Task to complete
Set the pictures aside and write down, exactly as they appear, the lines from the one containing "cách an toàn. |" through the end of the material.

Dataset extract
────────

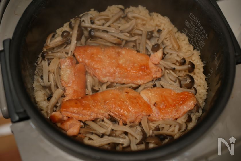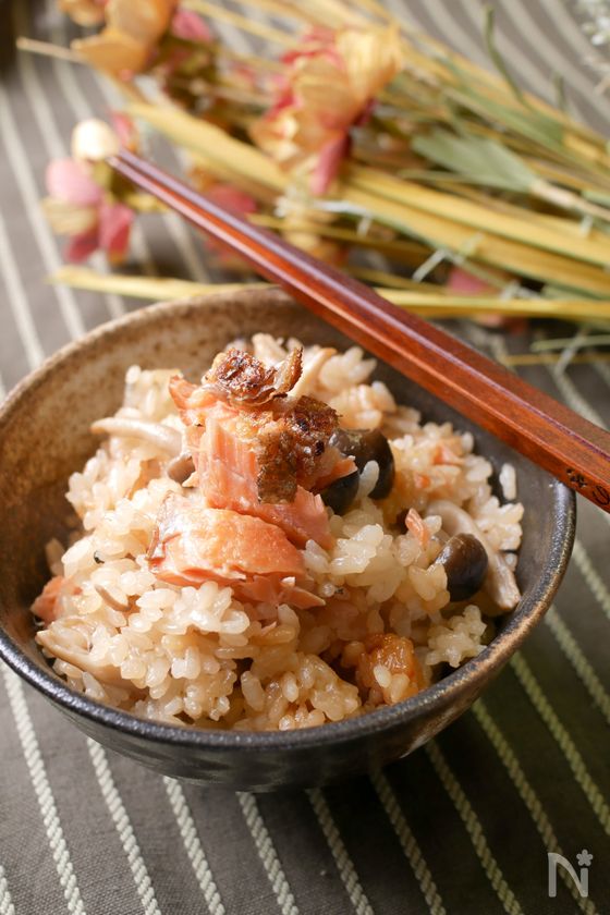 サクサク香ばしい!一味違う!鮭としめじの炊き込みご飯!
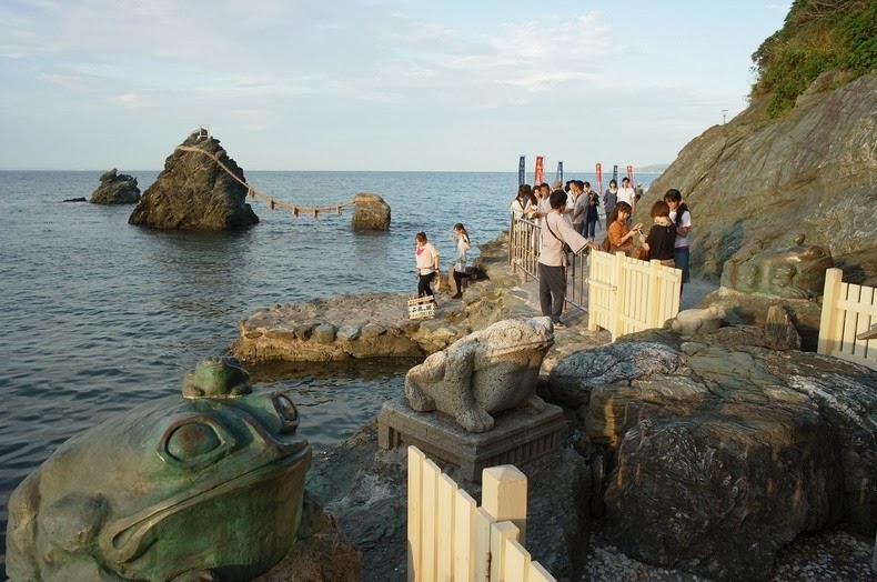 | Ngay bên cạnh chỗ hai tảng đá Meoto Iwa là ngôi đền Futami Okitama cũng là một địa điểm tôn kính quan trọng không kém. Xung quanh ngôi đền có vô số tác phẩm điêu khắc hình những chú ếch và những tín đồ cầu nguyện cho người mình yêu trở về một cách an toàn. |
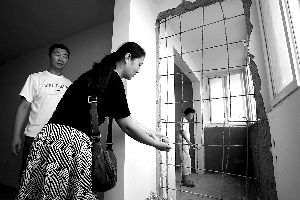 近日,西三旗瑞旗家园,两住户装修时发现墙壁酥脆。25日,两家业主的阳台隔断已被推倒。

────────

Response box
 | Ngay bên cạnh chỗ hai tảng đá Meoto Iwa là ngôi đền Futami Okitama cũng là một địa điểm tôn kính quan trọng không kém. Xung quanh ngôi đền có vô số tác phẩm điêu khắc hình những chú ếch và những tín đồ cầu nguyện cho người mình yêu trở về một cách an toàn. |
 近日,西三旗瑞旗家园,两住户装修时发现墙壁酥脆。25日,两家业主的阳台隔断已被推倒。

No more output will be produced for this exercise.